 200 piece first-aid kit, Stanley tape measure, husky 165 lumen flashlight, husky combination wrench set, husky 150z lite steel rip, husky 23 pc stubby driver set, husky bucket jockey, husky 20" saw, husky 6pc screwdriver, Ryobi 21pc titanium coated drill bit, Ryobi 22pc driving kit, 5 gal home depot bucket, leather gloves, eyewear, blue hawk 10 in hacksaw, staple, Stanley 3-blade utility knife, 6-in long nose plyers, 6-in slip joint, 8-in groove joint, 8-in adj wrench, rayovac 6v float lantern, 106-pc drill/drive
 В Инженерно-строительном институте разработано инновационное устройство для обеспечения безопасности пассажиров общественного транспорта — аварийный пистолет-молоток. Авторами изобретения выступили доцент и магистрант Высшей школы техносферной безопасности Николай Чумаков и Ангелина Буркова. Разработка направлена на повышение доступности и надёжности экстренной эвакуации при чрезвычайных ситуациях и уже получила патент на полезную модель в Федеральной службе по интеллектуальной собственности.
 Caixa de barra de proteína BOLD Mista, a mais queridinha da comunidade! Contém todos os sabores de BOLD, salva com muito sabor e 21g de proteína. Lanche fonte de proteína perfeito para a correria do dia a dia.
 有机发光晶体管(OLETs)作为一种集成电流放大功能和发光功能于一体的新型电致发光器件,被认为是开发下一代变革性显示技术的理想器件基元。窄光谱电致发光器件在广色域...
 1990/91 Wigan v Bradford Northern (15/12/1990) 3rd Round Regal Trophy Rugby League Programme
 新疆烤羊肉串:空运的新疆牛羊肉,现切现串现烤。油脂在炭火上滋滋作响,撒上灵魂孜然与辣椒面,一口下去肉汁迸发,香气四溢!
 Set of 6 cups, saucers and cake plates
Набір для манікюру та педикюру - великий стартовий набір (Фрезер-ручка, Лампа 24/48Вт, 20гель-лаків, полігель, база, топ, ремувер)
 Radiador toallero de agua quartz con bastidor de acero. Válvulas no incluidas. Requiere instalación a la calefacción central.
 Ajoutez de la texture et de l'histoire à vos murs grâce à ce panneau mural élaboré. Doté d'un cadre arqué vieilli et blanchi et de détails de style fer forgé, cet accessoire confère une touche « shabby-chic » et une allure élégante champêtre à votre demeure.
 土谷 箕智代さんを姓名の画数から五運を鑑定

- _WORK INSTRUCTIONS_:
Repeat all the data, every line exactly.

- _SOLUTION TO THIS PROBLEM_:
 200 piece first-aid kit, Stanley tape measure, husky 165 lumen flashlight, husky combination wrench set, husky 150z lite steel rip, husky 23 pc stubby driver set, husky bucket jockey, husky 20" saw, husky 6pc screwdriver, Ryobi 21pc titanium coated drill bit, Ryobi 22pc driving kit, 5 gal home depot bucket, leather gloves, eyewear, blue hawk 10 in hacksaw, staple, Stanley 3-blade utility knife, 6-in long nose plyers, 6-in slip joint, 8-in groove joint, 8-in adj wrench, rayovac 6v float lantern, 106-pc drill/drive
 В Инженерно-строительном институте разработано инновационное устройство для обеспечения безопасности пассажиров общественного транспорта — аварийный пистолет-молоток. Авторами изобретения выступили доцент и магистрант Высшей школы техносферной безопасности Николай Чумаков и Ангелина Буркова. Разработка направлена на повышение доступности и надёжности экстренной эвакуации при чрезвычайных ситуациях и уже получила патент на полезную модель в Федеральной службе по интеллектуальной собственности.
 Caixa de barra de proteína BOLD Mista, a mais queridinha da comunidade! Contém todos os sabores de BOLD, salva com muito sabor e 21g de proteína. Lanche fonte de proteína perfeito para a correria do dia a dia.
 有机发光晶体管(OLETs)作为一种集成电流放大功能和发光功能于一体的新型电致发光器件,被认为是开发下一代变革性显示技术的理想器件基元。窄光谱电致发光器件在广色域...
 1990/91 Wigan v Bradford Northern (15/12/1990) 3rd Round Regal Trophy Rugby League Programme
 新疆烤羊肉串:空运的新疆牛羊肉,现切现串现烤。油脂在炭火上滋滋作响,撒上灵魂孜然与辣椒面,一口下去肉汁迸发,香气四溢!
 Set of 6 cups, saucers and cake plates
Набір для манікюру та педикюру - великий стартовий набір (Фрезер-ручка, Лампа 24/48Вт, 20гель-лаків, полігель, база, топ, ремувер)
 Radiador toallero de agua quartz con bastidor de acero. Válvulas no incluidas. Requiere instalación a la calefacción central.
 Ajoutez de la texture et de l'histoire à vos murs grâce à ce panneau mural élaboré. Doté d'un cadre arqué vieilli et blanchi et de détails de style fer forgé, cet accessoire confère une touche « shabby-chic » et une allure élégante champêtre à votre demeure.
 土谷 箕智代さんを姓名の画数から五運を鑑定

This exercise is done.